Pirate Jokes

I would like to share my two favorite pirate jokes with anyone who has not yet heard them:

A pirate walks into a bar with a steering wheel attached to his crotch.

The observant barkeeper calls over to him, “Hey friend, do you know you’ve got a steering wheel attached to your crotch?”

“Arrrr,” says the pirate, “I know, it’s been drivin’ me nuts all week.”

There once was a famous pirate captain, well known for his fearlessness in battle. One day, the watchman called out to the captain, “Sir, there’s an enemy ship approaching!” The captain called to his first mate, “Prepare for battle, and fetch me my red shirt!” The enemy ship engaged them, but the captain, dressed in his red shirt, fought valiantly, and his crew was able to repel the invaders.

The next day, the watchman called out again, “Captain! Ten enemy ships on the horizon!” Once more the captain called for his red shirt, and once more he led the crew into battle, and they emerged victorious.

That night, after the tales of the heroics were recounted, the first mate asked the captain privately, “What is your secret, sir? And why do you always wear the red shirt?”

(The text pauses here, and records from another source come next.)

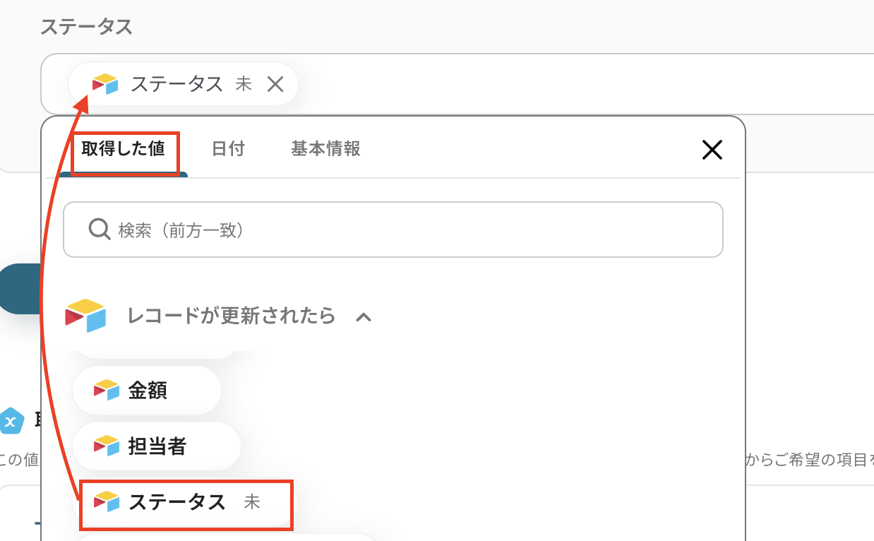 更新後のレコードの値はステータスを更新したいので、Airtableの取得した値から、ステータスを選択しましょう。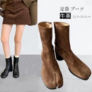 足袋ブーツ ブーツ レディース ショートブーツ タビブーツ 足袋 5cmヒール スエード 牛革 太ヒール ミドルブーツ サイドファスナー 疲れない 履きやすい 美脚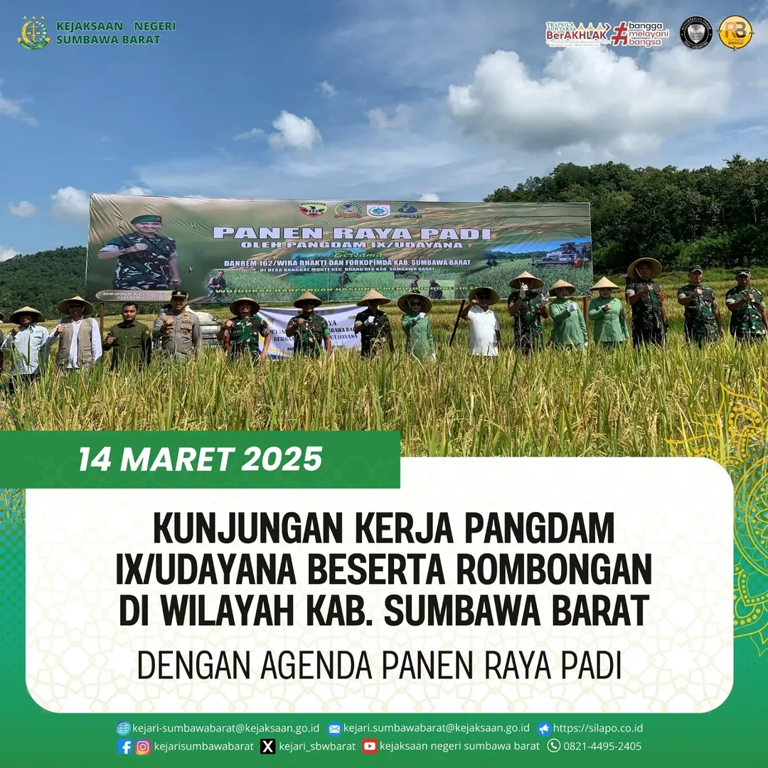KUNJUNGAN KERJA PANGDAM IX/UDAYANA BESERTA ROMBONGAN DI WILAYAH KAB. SUMBAWA BARAT DENGAN AGENDA PANEN RAYA PADI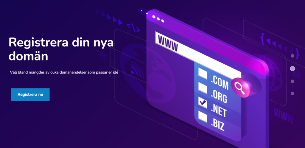 En viktig del av Wopsas tjänster är möjligheten att registrera domännamn enkelt. Här kan du välja mellan flera olika toppdomäner som: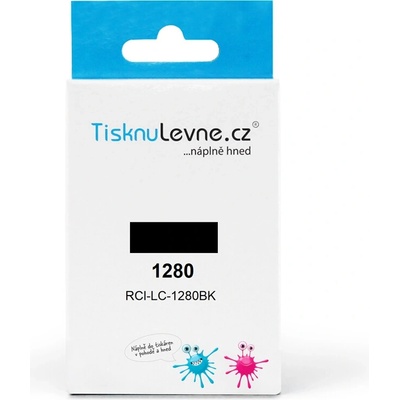 Černý zásobník TisknuLevne.cz (kompatibilní s Brother č.1280 - LC-1280XLBK). Obsahuje 30 ml. Vytiskne cca 2400 stran A4 při pokrytí 5%

“Well, lad,” said the captain, “I suppose I can tell you, but don’t let the rest of the crew know. I wear the red shirt so that, if I am wounded, the blood will not show, and the crew will think me invincible, and fight onward with courage.” The first mate nodded, amazed with the captain’s cunning.

The next day, the watchman calls out, “Captain! One hundred enemy ships on the horizon!” The captain stood firm, his face a mask of pure calm. Then turned to his first mate, “Get me my brown pants.”